Co-authors: AGV Team, OpCo Team, Arbitrum Foundation & OAT
Abstract
This proposal seeks DAO approval for AGV to cease forward investment activity and return surplus capital to the DAO treasury for redeployment. Following a broader review of the Arbitrum ecosystem, the OAT, AGV, and other relevant stakeholders have determined that continuing to operate AGV as a consumer- and gaming-focused venture platform is no longer aligned with the DAO’s current priorities. Accordingly, AGV’s scope will be narrowed to focus exclusively on managing and maximising the value of the existing portfolio, including selective follow-on investments. Its grant program and any new capital investments outside the portfolio will be sunset.
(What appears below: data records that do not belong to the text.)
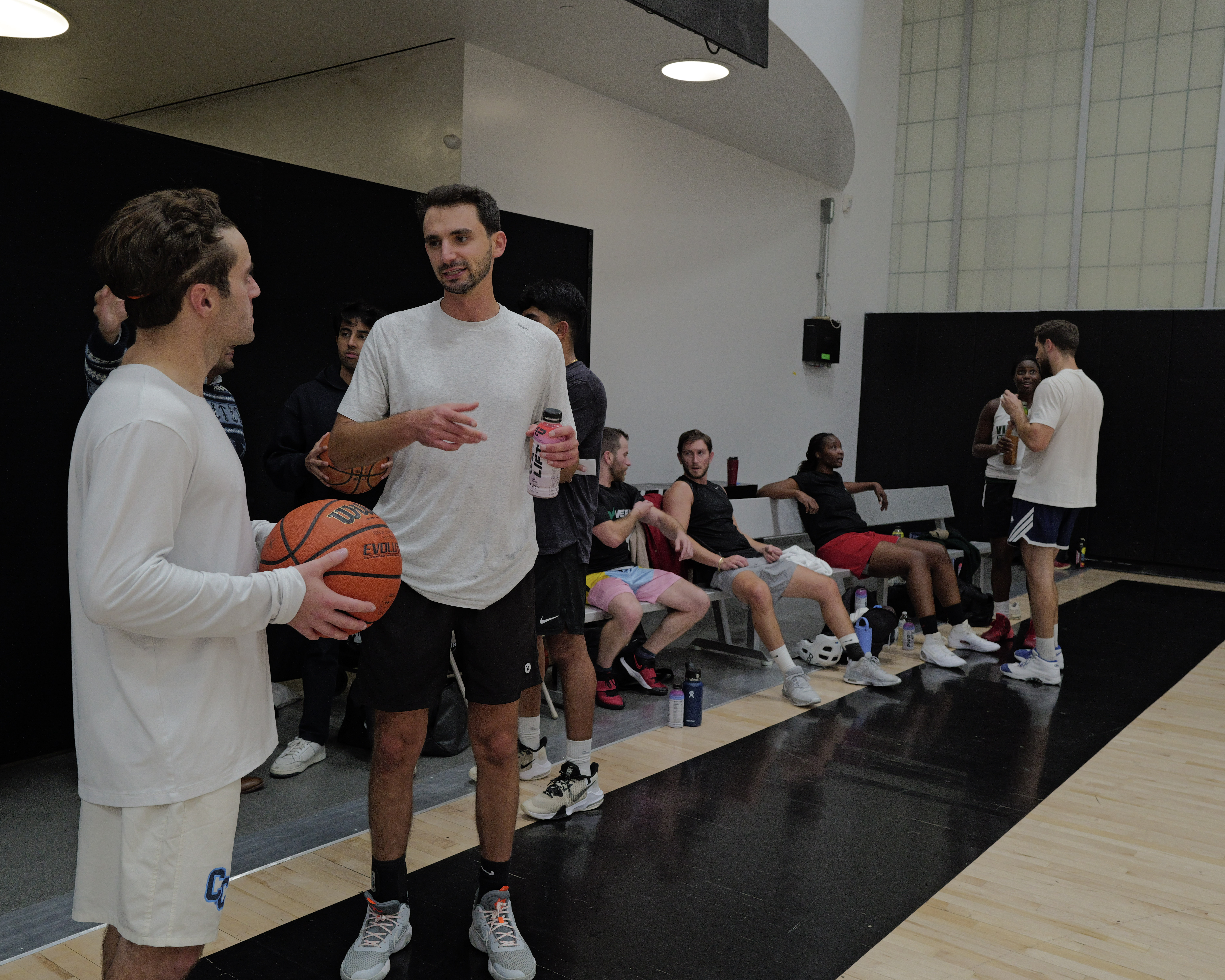 Just show up ready to run. Games are 4v4 half-court, lasts about two hours, and teams are organized on the day. Wear sneakers you can hoop in and bring water — some runs include product samples from brand partners too.
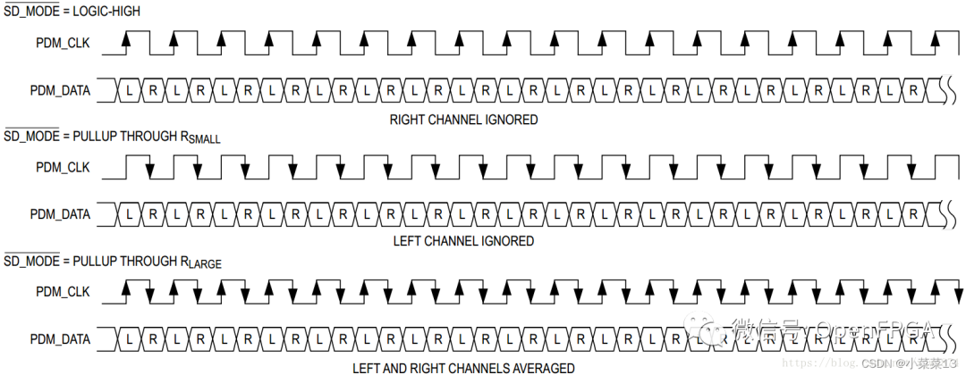下圖為Maxim的Class-D類型功放MAX98358對(duì)PDM接口時(shí)序的要求,可以看到它在PDM_CLK的上升沿采樣左聲道數(shù)據(jù),在PDM_CLK下降沿采樣右聲道數(shù)據(jù)。、
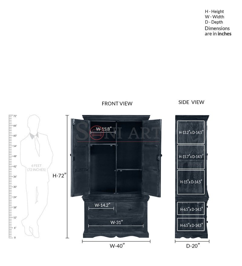 The Cardona Wardrobe isn’t just a feast for the eyes; it’s a powerhouse of storage. With two expansive doors and three large drawers, it provides a home for all your essentials. Whether it’s clothes, accessories, or other household items, this sheesham wood wardrobe keeps everything tidy and accessible.
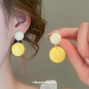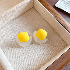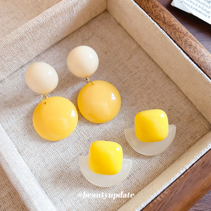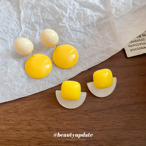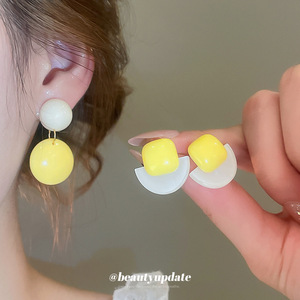 银针树脂圆形扇形方形吊坠耳钉多巴胺小清新耳环小众设计感耳饰女
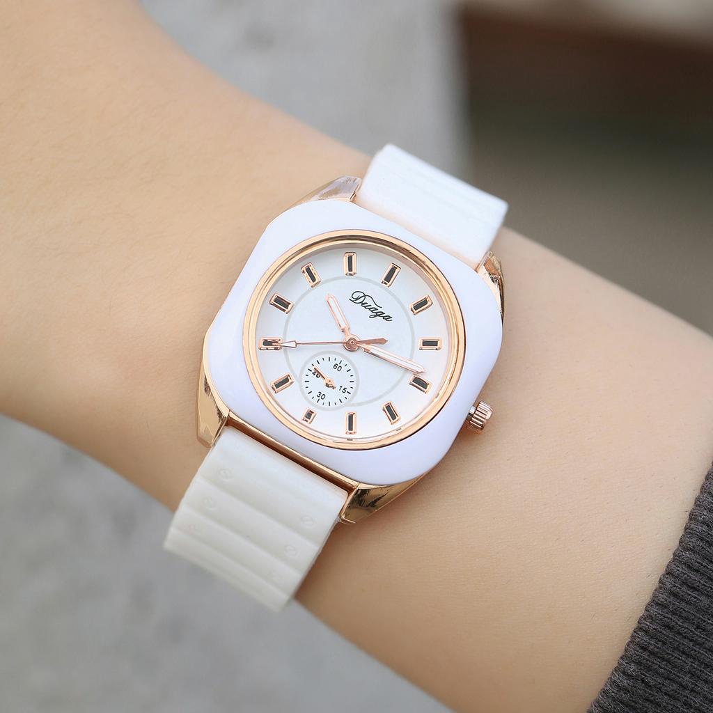 Relógio feminino simples e confortável de quartzo de Silicone estilo formal tendência Casual
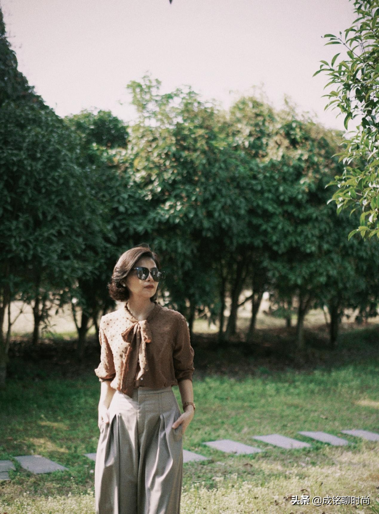 在色彩方面,除了基礎簡約的白色以外,大地色之中的幾種色系也很適合五六十多歲的女士使用,讓她們的內斂美感和沉穩的風格得到呈現。例如這款襯衫,它還加入了飄帶的形成,讓你的著裝不單調,很有層次。
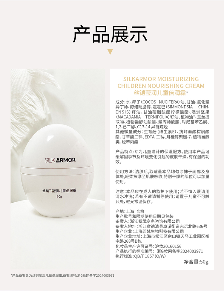 【產(chǎn)品功效】:專為兒童設計的保濕配方。使用本產(chǎn)品可緩解因季節(jié)及環(huán)境變化引起的皮膚干燥,有保濕的功效。
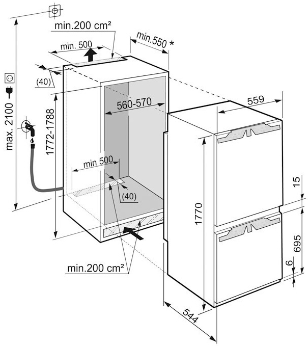 Встраиваемый холодильник с морозильной камерой Liebherr ICN 3376с функцией NoFrost.
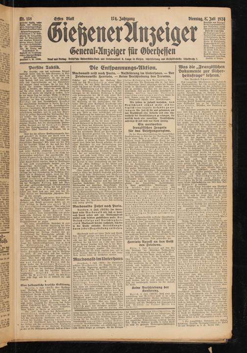 keine Ersetzung des Versailler Vertrages sein. Die Konferenz vom 16. Juli hätte den besonderen Zweck, festzulegen, wie der Dawesbericht in Wirksamkeit gesetzt werden könne, Um das zu erreichen, brauchen wir die deutsche Unterschrift. Und um die deutsche Unterschrift zu erlangen, müssen deutsche Vertreter irgendwo empfangen werden, damit sie ihren Ramen unter die Dokumente sehen.
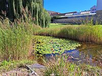 V zmíněném parku je možné navštívit příjemnou kavárnu Fér Kafe nebo si prohlédnout výklenkovou kapličku:
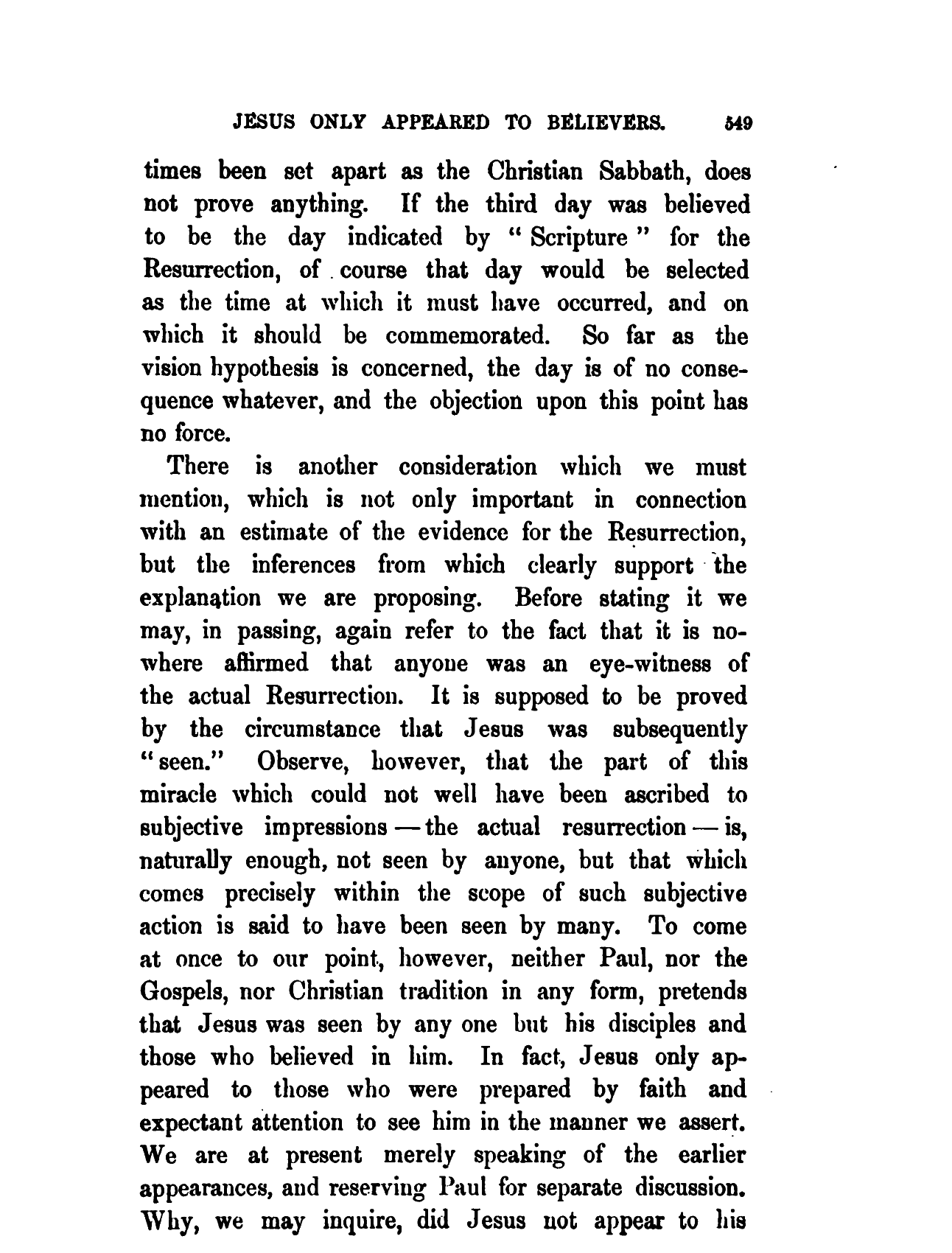 times been set apart as the Christian Sabbath, does not prove anything. If the third day was believed to be the day indicated by "Scripture" for the Resurrection, of course that day would be selected as the time at which it must have occurred, and on which it should be commemorated. So far as the vision hypothesis is concerned, the day is of no consequence whatever, and the objection upon this point has no force.
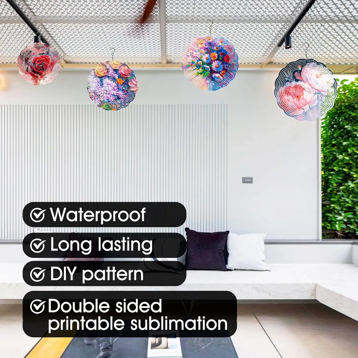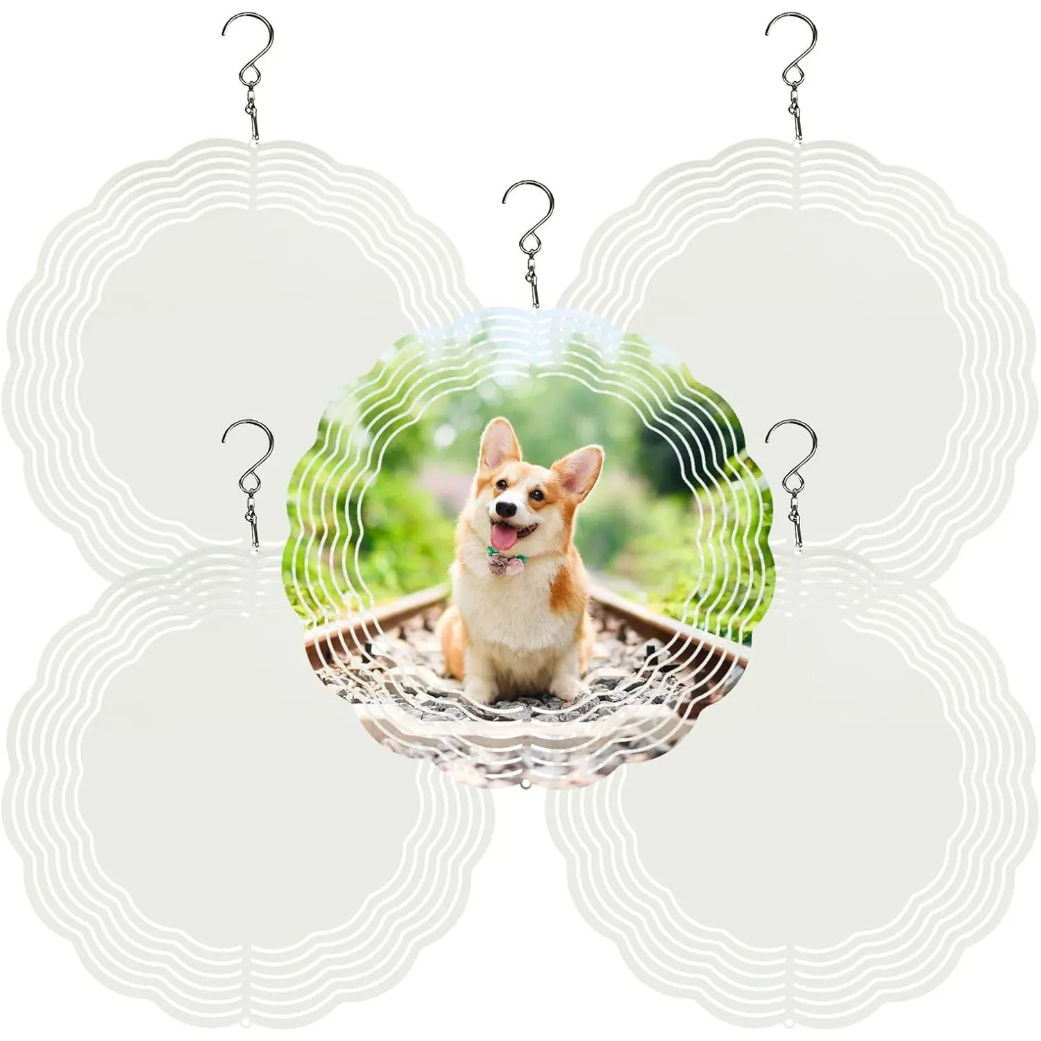 【Package Contents】You will get 5 pack of Sublimation Wind Spinner blanks and 5 hooks. The size of each Wind Spinner Blank is about 8 inches. These Wind Spinners can be for double-sided sublimation and DIY your favorite patterns.

Under this proposal, ~143.7 million ARB currently held for the AGV program out of the 225.0 million originally allocated will be returned to the DAO treasury. Remaining assets will be reviewed to support the existing portfolio, maintain follow-on reserves, satisfy outstanding obligations, and fund ongoing portfolio management through the end of 2026. Any surplus capital will also be returned to the DAO treasury.
To execute this, the proposal tasks the Arbitrum OpCo Foundation (under the oversight of the OAT) to effectuate the formal wind-down and associated activities, including acting in place of the current GCP Council. The specific authority being delegated to OpCo for this purpose is set out in the Delegated Authority & Powers section below.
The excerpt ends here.